For anyone who is thinking about going on a Year Abroad, is going on a Year Abroad or has been on a Year Abroad and wants to reminisce about the amazing time they had, there is one film for you: L’auberge Espagnole.
The Modern Languages Society hosted an informal screening of the film at our University Film Theatre this Wednesday just gone. Even though I had seen it before, I went to go and see it again as it is a really funny film that makes me even more excited about what’s to come next year on my Year Abroad.
The film directed by Cédric Klapisch and focuses on Xavier (Romain Duris), a French student studying in Barcelona as part of the Erasmus programme. Xavier meets and lives with students from all over Europe and as he is the film’s narrator, the main language is French though because of his multi-national housemates some of the dialogue is in English and a significant amount is in Spanish, as well as small amounts in Catalan, Basque, Danish, German and Italian.

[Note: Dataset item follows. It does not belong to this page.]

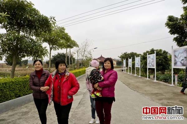 王老師(左)和她的好姐妹們在村里散步。中國網記者 金慧慧 攝

Xavier’s life in the film is what I base my dream Year Abroad on. Without giving away any key plot details, it is impossible not to laugh at Xavier and his housemates’ antics and national stereotypes are portrayed very humorously. I would love to live with an assortment of people from around the world and learn from their cultures and possibly even learn other new languages too.
In one of my favourite scenes, Wendy, an English student in Xavier’s house answers the phone to Xavier’s mum. As the housemates share one telephone, they are aware that parents speaking different languages may ring up to want to talk to their children and so they have prepared a sheet with the phrases to say “I’m sorry [name] is not here, please call again later” in all the various languages. Wendy does not speak French and doesn’t understand when Xavier’s mum asks if he is at the ‘fac’ (abbreviated for faculté, meaning university in French). When spoken in French, ‘fac’ can sound similar to a certain swear word in English making Wendy very confused as to why she was seemingly being spoken to rudely! It’s these priceless lost in translation moments that I hope I have many of during my year away as these will be the things that I reflect on and laugh about.
I don’t know if my brief review has done this film justice but it truly is essential viewing for Erasmus students past, present and future.